No Need to Be a Brain Surgeon
SalesBrain asserts that successfully reaching the decision-maker boils down to a formula:
Selling Probability = Pain x Claim x Gain x (Old Brain)3
Morin contends that four steps govern the process:
- Pain Research: Assessing the nature and intensity of the customer's "pain"
- Claims coaching: Developing the highest, compelling reasons why no competitor can provide a better alternative than your solution
- Gain: Demonstrating beyond reasonable doubt how the customer will benefit
- Old brain training: Adopting the best techniques for delivering the above points in a powerful, memorable message
As marketing psychologist Dr. Clotaire Rapaille, consultant to Ford, GM, Kraft, and Proctor and Gamble, remarked recently on 60 Minutes, it is this "reptilian brain" that makes consumers choose what will make us survive. For instance, in the case of the popularity of SUVs, Rapaille explains: "Why? Taller. Stronger. I mean, the elephant—the bigger you are, the more chance you have to survive."

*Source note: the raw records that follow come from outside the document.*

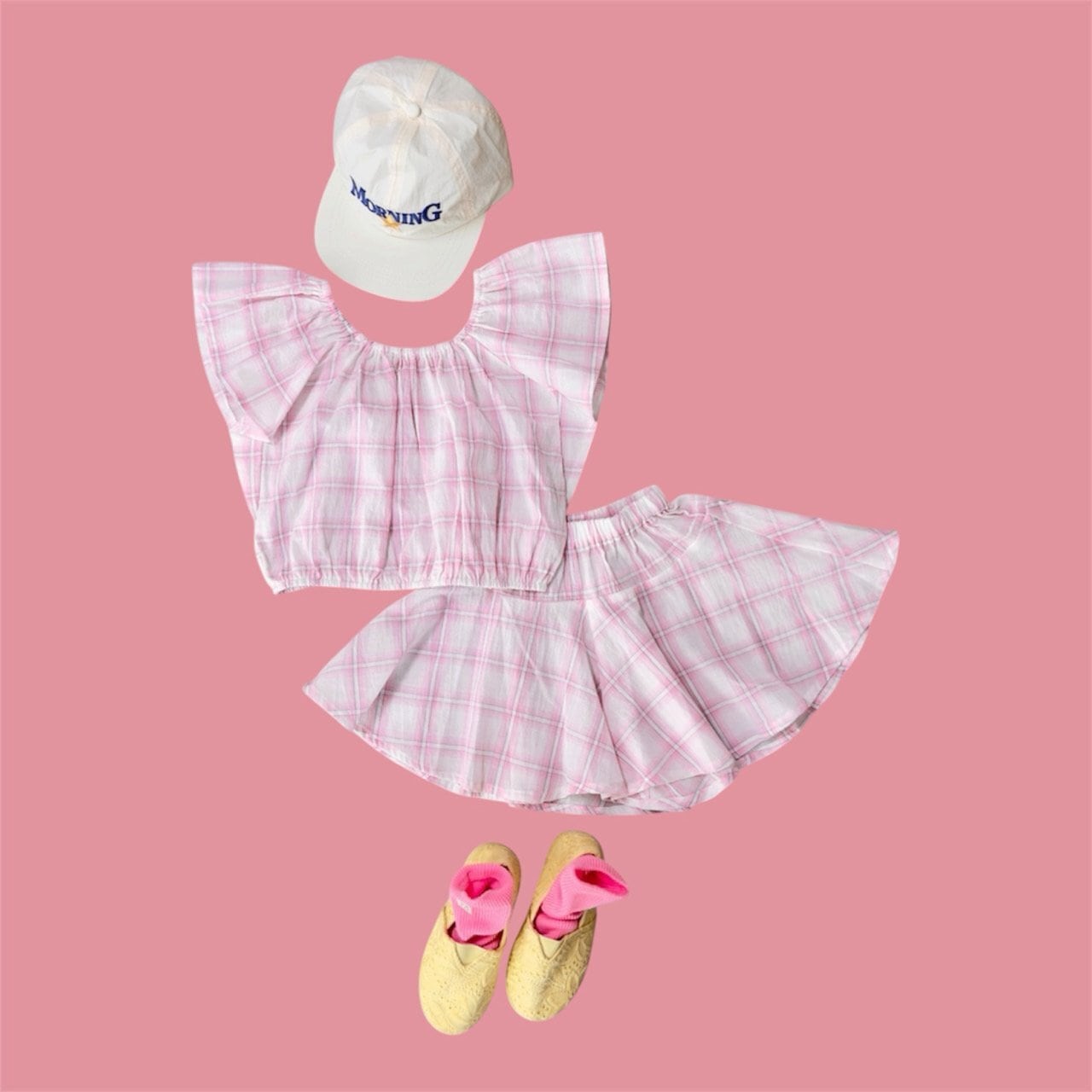 やさしく可愛らしい雰囲気が魅力のセットアップです。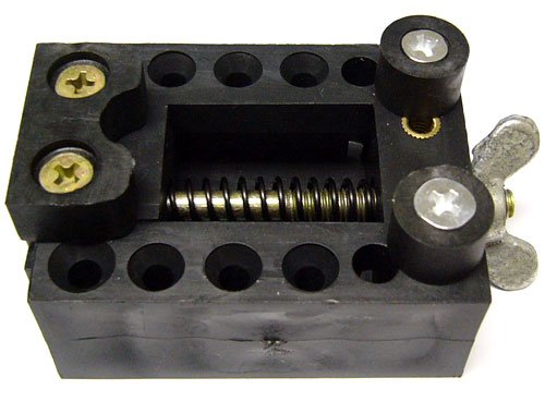 It is also drilled through with holes so that it can be permanently screwed to a benchtop, toolbox, or other jig, to firmly grip the watch case.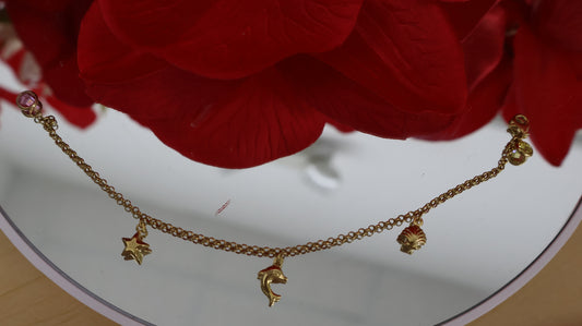 Manilla para ninas con colgantes de un delfin , una concha ,una estrellita y dos piedrita en oro de 10k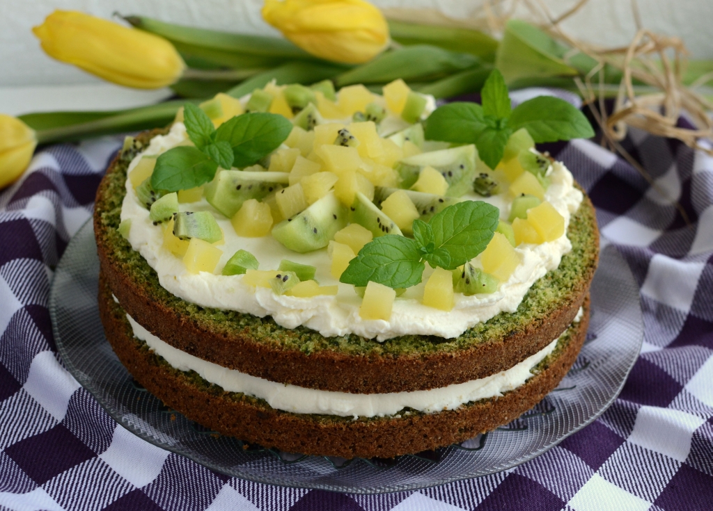 Szpinak pozostawiamy do rozmrożenia. Gdy się rozmrozi dokładnie go odciskamy i miksujemy z połową oleju. Białka oddzielamy od żółtek i ubijamy na sztywną pianę.Cały czas ubijając dodajemy partiami cukier i cukier waniliowy oraz po jednym żółtku. Następnie dodajemy stopniowo pozostały olej i proszek do pieczenia wymieszany z mąką i mieszamy już łyżką. Dodajemy szpinak i dokładnie mieszamy. Tortownicę (21cm) smarujemy masłem i obsypujemy bułką tartą. Wlewamy ciasto do formy i pieczemy około 45 minut w 180 stopniach (do suchego patyczka). Ciasto po upieczeniu studzimy i kroimy na dwie części. Kolejno przygotowujemy krem. Kremówkę ubijamy na sztywną pianę. Pod koniec ubijania dodajemy cukier puder. Następnie mieszamy ją z mascarpone i dodajemy kilka kropel aromatu cytrynowego. Kremem smarujemy plastry ciasta. Całość dekorujemy pokrojonym w kostkę ananasem i kiwi. Życzę smacznego 🙂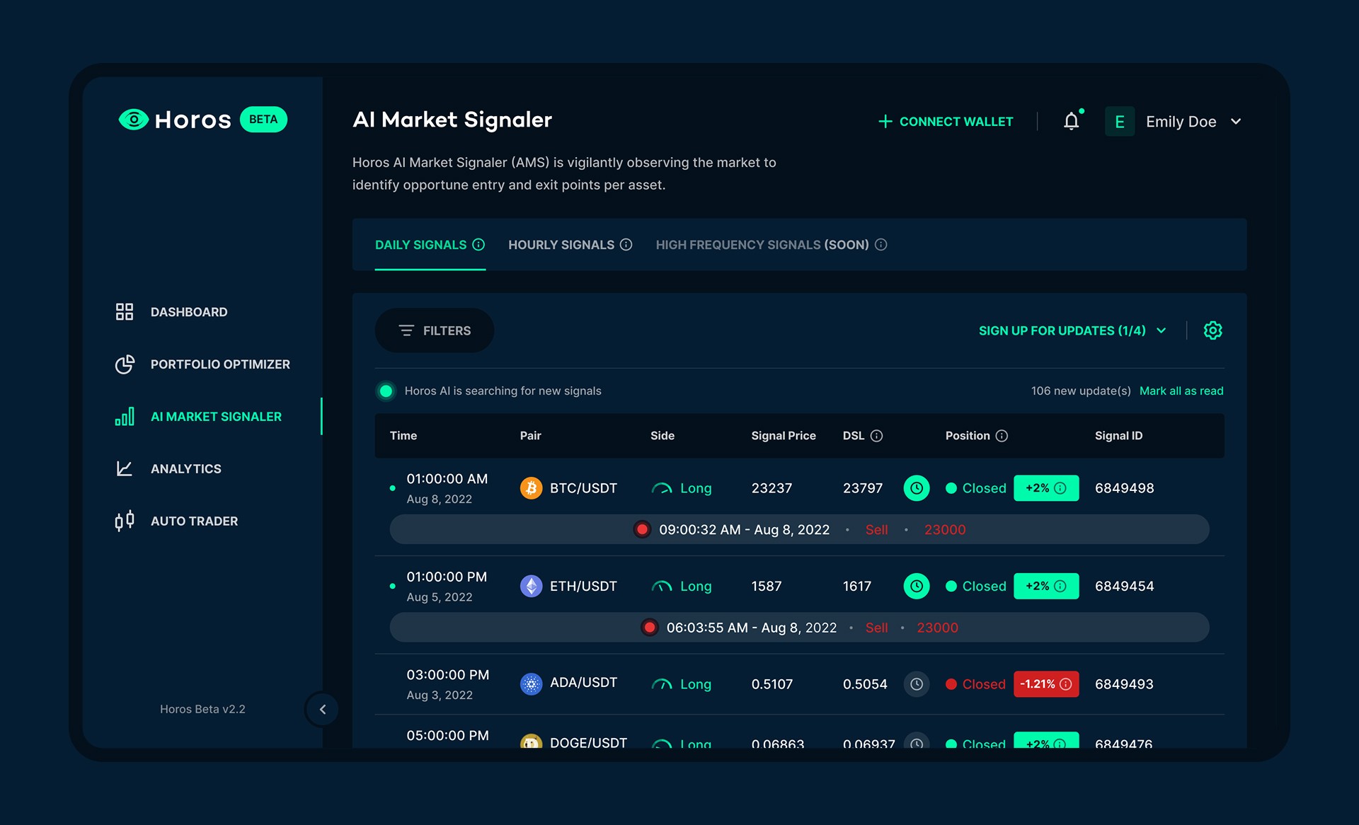AI Market Signaler: live trading signals with pair, side, price, and position status.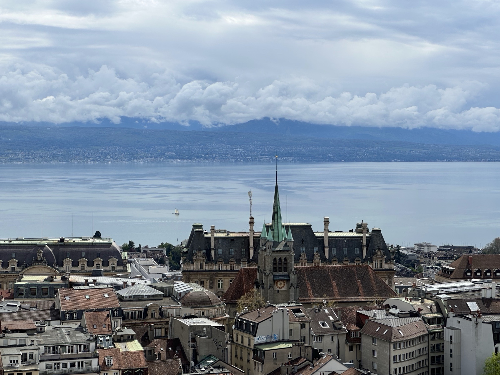 From the first landing, there was a great view of Lausanne and Geneva Lake.

Rapaille says: "Now, we know that the higher you are, more chance you have to roll over. And we know that SUVs have a higher rate of accident for rollover than other cars."
A Porsche is less vulnerable to rollover than an SUV, Rapaille says, adding, "That's at the cortex [new brain], which means people know it but they don't refer to it because there's something stronger which is the reptilian: the bigger, the tallest, and more chance to survive."
Regardless of your interpretation of business psychology and the fine art of deal closing, bankable technique is key. Is there a pure path to the inner decision-making button? That remains unclear.
But the neuroscience approach is gaining traction. The American Marketing Association nominated SalesBrain as "the next big thing in marketing." You may judge for yourself whether that assertion is accurate. However, it's hard to argue that, as Einstein put it, "unexpected connections" between the product and the mental process are what hold the key to winning in the marketplace.